---------- Data for the task ----------

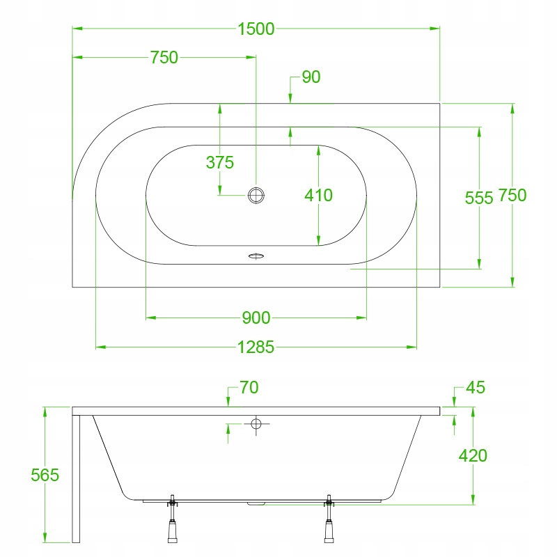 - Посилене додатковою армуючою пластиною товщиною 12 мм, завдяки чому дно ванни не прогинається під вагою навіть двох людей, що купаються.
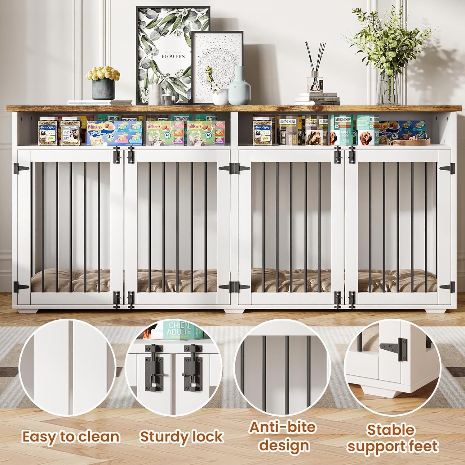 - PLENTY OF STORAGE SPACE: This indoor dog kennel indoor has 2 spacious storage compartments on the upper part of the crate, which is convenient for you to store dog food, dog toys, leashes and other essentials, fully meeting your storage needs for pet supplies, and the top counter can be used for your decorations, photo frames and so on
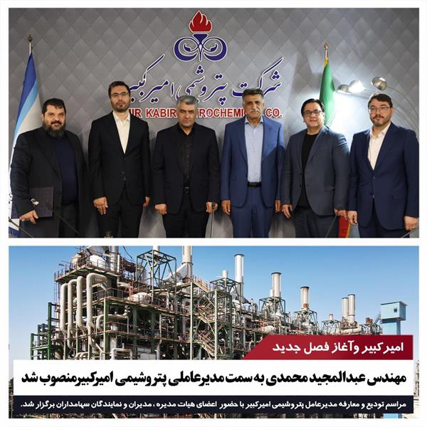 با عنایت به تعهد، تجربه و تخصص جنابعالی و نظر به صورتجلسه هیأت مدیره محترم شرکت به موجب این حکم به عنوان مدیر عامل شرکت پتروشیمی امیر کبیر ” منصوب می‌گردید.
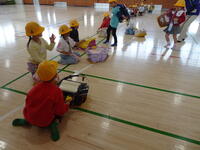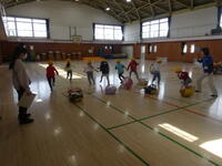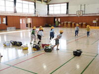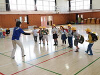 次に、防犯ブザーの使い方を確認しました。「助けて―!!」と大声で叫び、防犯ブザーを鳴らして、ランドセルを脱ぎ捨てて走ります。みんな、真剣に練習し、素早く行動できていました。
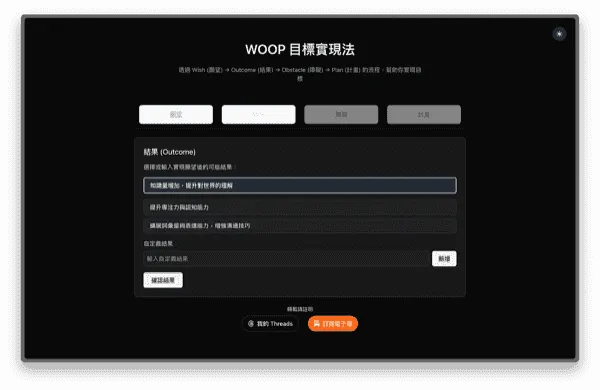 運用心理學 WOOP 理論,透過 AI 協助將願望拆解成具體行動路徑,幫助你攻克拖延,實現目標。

----------

> **Problem to work on**
Output the data exactly. Pictures don't belong in the result.

> **Exercise response**
 - Посилене додатковою армуючою пластиною товщиною 12 мм, завдяки чому дно ванни не прогинається під вагою навіть двох людей, що купаються.
 - PLENTY OF STORAGE SPACE: This indoor dog kennel indoor has 2 spacious storage compartments on the upper part of the crate, which is convenient for you to store dog food, dog toys, leashes and other essentials, fully meeting your storage needs for pet supplies, and the top counter can be used for your decorations, photo frames and so on
 با عنایت به تعهد، تجربه و تخصص جنابعالی و نظر به صورتجلسه هیأت مدیره محترم شرکت به موجب این حکم به عنوان مدیر عامل شرکت پتروشیمی امیر کبیر ” منصوب می‌گردید.
 次に、防犯ブザーの使い方を確認しました。「助けて―!!」と大声で叫び、防犯ブザーを鳴らして、ランドセルを脱ぎ捨てて走ります。みんな、真剣に練習し、素早く行動できていました。
 運用心理學 WOOP 理論,透過 AI 協助將願望拆解成具體行動路徑,幫助你攻克拖延,實現目標。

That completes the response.